Take note that the pull request is not frozen in time at this moment.  If you make a change in this branch tomorrow, that change will be seen as part of the pull request if it is reviewed next week.

Project owner merges your pull request

Now looking at it from the main repository side, the pull request will show up in the “Pull Requests” tab at the top, and when clicked on for details will show a page similar to the listing below showing who has submitted the request, to what branch, how many commits, and how many files, along with the high-level description provided.

The administrator will review the request and will close it (denied), comment on further work or improvement, or merge it into the code base.  As mentioned earlier, one of the reasons squashing/rebase is no longer necessary is because admins on github have the ability to squash and merge without needing the contributor to take this action.

If everything is in order, hopefully the administrator chooses their preferred method of merge and your pull request is now part of the main repository.

CLOSING

If an administrator prematurely closes a pull request, you can always do the necessary rework, and then submit a new pull request against that same branch to resubmit.

MERGE CONFLICTS

The parent branch you choose is a moving target, and if you do not merge the upstream code, or your pull request is not reviewed quickly, it may reach the point where there are merge conflicts.

A conflict looks like below in the pull request details, which can be seen by either the repository administrator or from your forked personal repository.

To correct this, take the latest pull of the upstream branch and correct the conflicts manually.

# get latest
git fetch upstream 
git merge upstream/develop

# fix conflicts manually
vi changes.txt

git commit -a -m "fixed conflicts manually"

Right after the commit, if you look at the details of your pull request, you should see it go green again and the message “This branch has no conflict with the base branch”.

 

REFERENCES

http://qpleple.com/how-to-contribute-to-a-project-on-github/ (pull request on github)

https://git-scm.com/book/en/v2/GitHub-Contributing-to-a-Project

https://github.com/mozilla/shumway/wiki/Submitting-a-Patch

https://gist.github.com/MarcDiethelm/7303312

https://codeburst.io/a-step-by-step-guide-to-making-your-first-github-contribution-5302260a2940

https://guides.github.com/activities/forking/

https://stackoverflow.com/questions/47807414/whats-the-difference-between-git-checkout-b-branch-and-git-checkout-b-branc (checkout vs branch)

https://stackoverflow.com/questions/25356810/git-how-to-squash-all-commits-on-branch (If you have multipe commits on the feature branch and want to squash them into a single commit)

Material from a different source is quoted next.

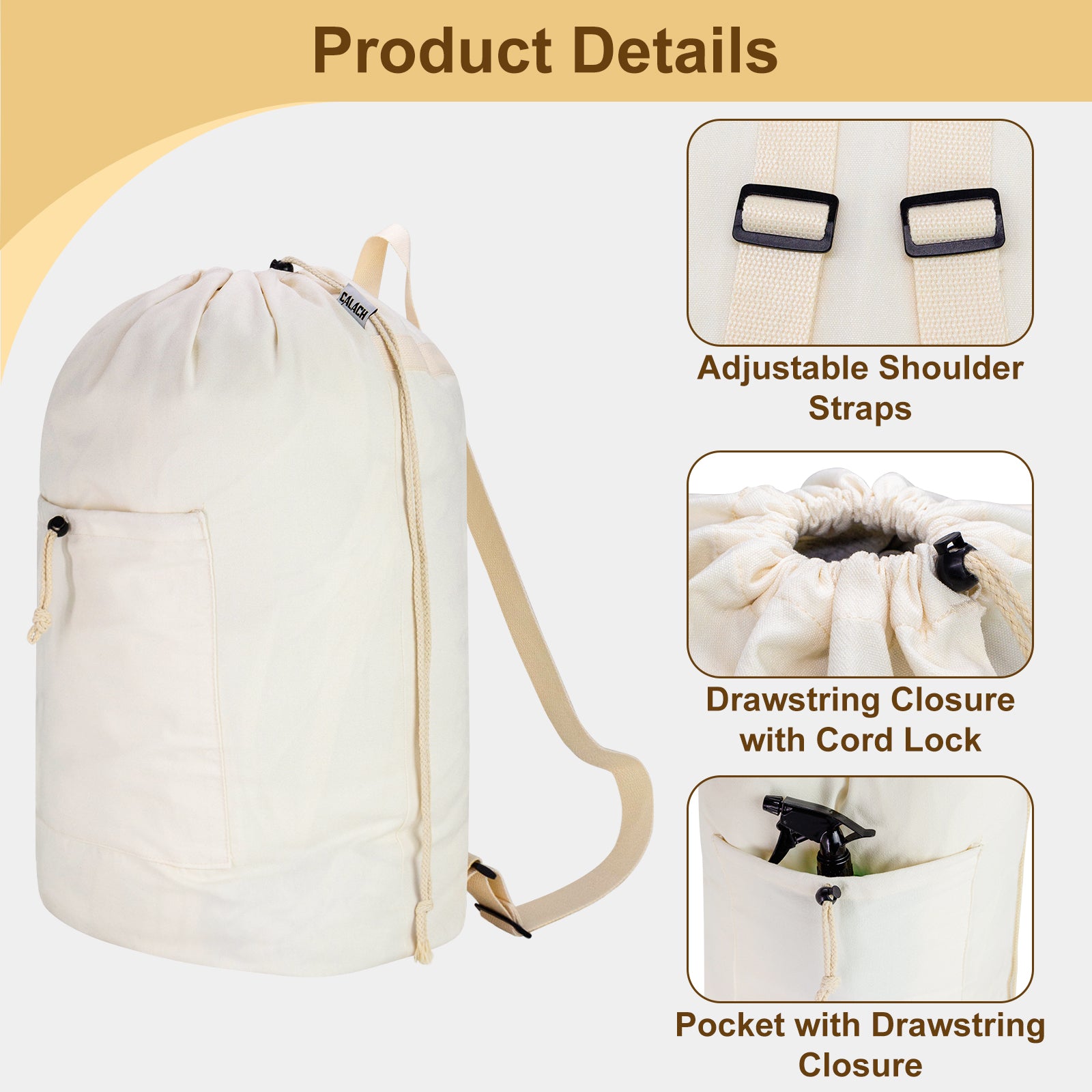 • Multi-Use Canvas Storage Bag- This sturdy canvas bag can be use as a nice travel laundry bag, camping laundry bag, college laundry bag, dirty clothes bag, hamper bag, travel hamper, grocery backpack, cargo bag, or a storage bag

https://git-scm.com/book/en/v2/Git-Branching-Rebasing#_rebase_peril (rebase versus merge: record of what actually happened versus story of how your project was made)

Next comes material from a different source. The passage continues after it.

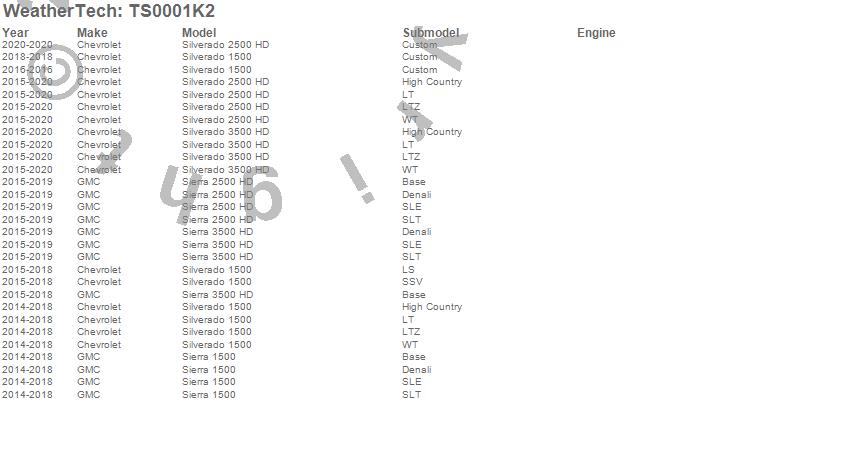 Below is an abbreviated list of applications for the WeatherTech SunShade Full Vehicle Kit.Sierra 1500, Sierra 2500 HD, Sierra 3500 HD, Silverado 1500, Silverado 2500 HD, Silverado 3500 HD, Chevrolet, GMC, 2020, 2019, 2018, 2017, 2016, 2015, 2014

https://github.com/mockito/mockito/wiki/Using-git-to-prepare-your-PR-to-have-a-clean-history (3 ways to rewrite history: amending, rebase interactively, squashing)

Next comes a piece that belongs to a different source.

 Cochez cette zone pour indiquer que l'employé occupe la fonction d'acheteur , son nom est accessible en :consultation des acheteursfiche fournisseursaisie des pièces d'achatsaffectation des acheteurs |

https://git-scm.com/book/en/v2/Git-Tools-Reset-Demystified (the three trees: HEAD, index, working)

NOTES

show branch and origin

git branch (shows branch we are on)
git remote show origin (shows fetch/push URL, HEAD)

If you forget to set user before commit, you can amend

git config --global --edit
git commit --amend --reset-author
git log | less

git config for alice

git config --global core.sharedRepository group
git config --global user.email alice-flee999-test-group-repo
git config --global user.name "alice"
git config --global push.default simple
git config --global credential.helper 'cache --timeout=3600'

force revert of last commit (do not do in multi-user environment, very drastic)

git reset --hard HEAD~1
git push --force